TRY IT:
The line containing "Lomocards de BlackPink" marks the end: extract everything from the first line of the data through that line, exactly, with no pictures.

DATA BLOCK:
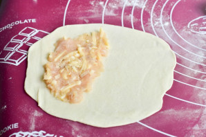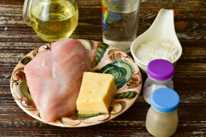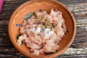 Куриную грудку перекрутите на мясорубке. Добавьте в фарш соль и перец черный молотый. Хорошо его перемешайте.
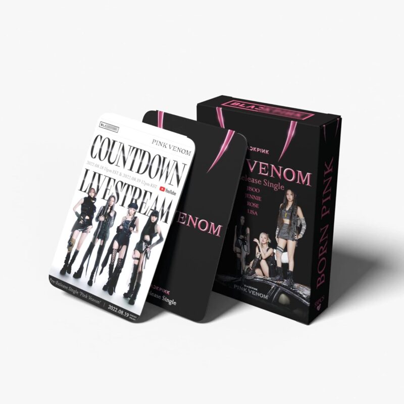 Lomocards de BlackPink con 55 imágenes del grupo asociadas a Pink Venom.
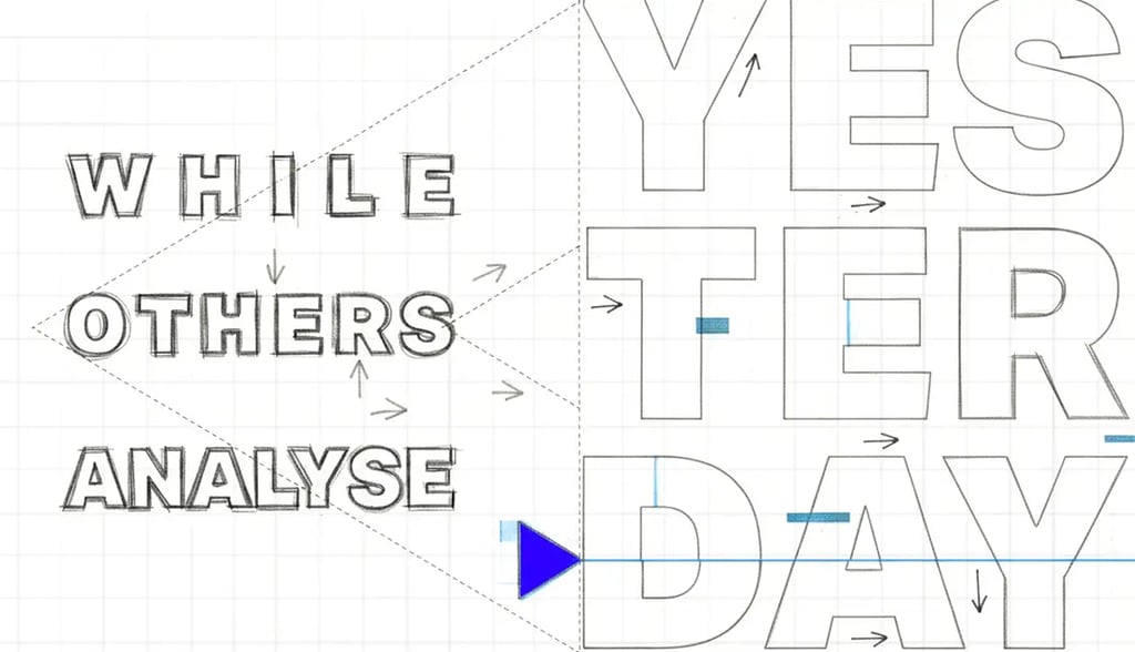 The kinetic typography style we developed features fragmented letterforms that reassemble in real-time, split-screen text compositions that mirror data splits and aggregations, and velocity variations that reflect market volatility. This approach transforms abstract fintech concepts into visceral visual experiences, making complex predictive analytics feel immediate and tangible. The typography breathes with the rhythm of financial markets, accelerating during moments of insight, pausing for emphasis on key metrics, and building momentum toward strategic conclusions.
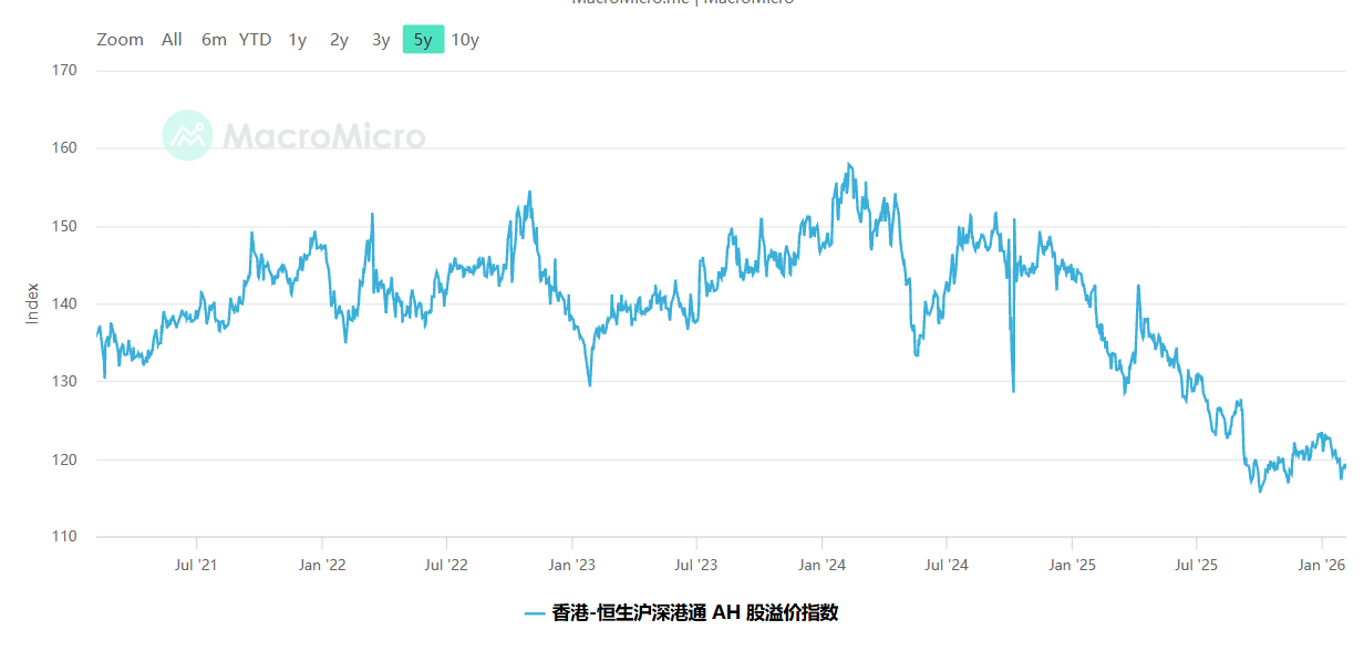 与此同时,AH股的整体价差也正在收窄。恒生沪深港通AH股溢价指数从2024年2月161.36点的近十年高位,一路下行至2026年2月6日的119.44点,基本回到了2019年约120点的水平。

PROBLEM SOLUTION:
 Куриную грудку перекрутите на мясорубке. Добавьте в фарш соль и перец черный молотый. Хорошо его перемешайте.
 Lomocards de BlackPink con 55 imágenes del grupo asociadas a Pink Venom.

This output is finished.